Nicolás Pereira
- Country (sports): Venezuela
- Residence: Caracas, Venezuela
- Born: 29 September 1970 (age 55) Salto, Uruguay
- Height: 1.88 m (6 ft 2 in)
- Turned pro: 1987
- Retired: 1997
- Plays: Right-handed (one-handed backhand)
- Prize money: $1,077,159

Singles
- Career record: 81–125
- Career titles: 2
- Highest ranking: No. 74 (22 July 1996)

Grand Slam singles results
- Australian Open: 2R (1990, 1995)
- French Open: 2R (1989)
- Wimbledon: 2R (1994, 1996)
- US Open: 3R (1995)

Doubles
- Career record: 114–133
- Career titles: 3
- Highest ranking: No. 44 (19 November 1990)

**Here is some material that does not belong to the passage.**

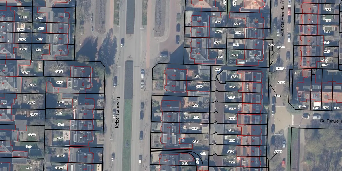 Het perceel waarop Keizer Karelweg 436 staat heeft een oppervlakte van 318 m². Dit is een groot perceel. De perceeloppervlakte wordt geregistreerd door het Kadaster. Gedetailleerde informatie over de maten van dit perceel kunt u vinden in het rapport Kadastrale kaart met maatvoering van Keizer Karelweg 436.
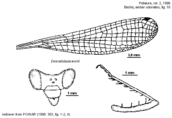 - 10.) POINAR (1996) described a new species of the recent coenagrionid genus Diceratobasis (see fig. 16) from a piece of Dominican amber that is located in the private collection of Jim Work (Ashland, Oregon, USA). The larvae of this species probably lived in phytotelmata of tank bromeliads.

Grand Slam doubles results
- Australian Open: 2R (1991, 1996)
- French Open: 3R (1990)
- Wimbledon: 3R (1989)
- US Open: 3R (1996)

Grand Slam mixed doubles results
- French Open: 2R (1991)
- Wimbledon: 1R (1990, 1993)

= Nicolás Pereira =

Venezuelan tennis player (born 1970)

Nicolás Pereira (born September 29, 1970) is a Venezuelan former professional tennis player and commentator. As a player, Pereira became the ITF Junior World Champion in 1988 after winning the French Open, Wimbledon, and the US Open. He won two ATP Tour singles titles and three in doubles. Since retirement, he has been a commentator for the Tennis Channel.

== Professional career ==
In the fall of 1988, Pereira registered wins on the pro tour against Brad Gilbert and Amos Mansdorf. He finished 1988 ranked No. 151 in the world rankings.

In April 1989, Pereira reached the quarterfinals of the Japan Open, defeating No. 21 ranked Andrés Gómez before losing to No. 1 ranked Ivan Lendl. In June, he defeated world No. 3 Stefan Edberg in straight sets in the first round of the Queens Club grass-court tournament.

A few weeks later, in the first round of Wimbledon, he took eventual semifinalist Lendl to five sets before losing. Later that summer, he reached the quarterfinals of the Grand Prix event in Montreal, the Canadian Open. There he beat No. 10 ranked Tim Mayotte, then lost to No. 14 ranked Jay Berger. Pereira, at 19 years of age, finished 1989 ranked No. 121.

However, Pereira's progress stalled over the next three years. In 1990, he lost most of his matches in the first round of ATP level tournaments and finished the year ranked No. 238. In 1991, he won the Lins and São Paulo-4 Challengers in back-to-back weeks, and ended the year ranked No. 146. He won the Guarujá Brazil Challenger in September 1992 and was ranked No. 138 at the end of the year.

In 1993, Pereira defeated Aaron Krickstein in the first round at the Bermuda Challenger. At the end of 1993, Pereira was ranked No. 141.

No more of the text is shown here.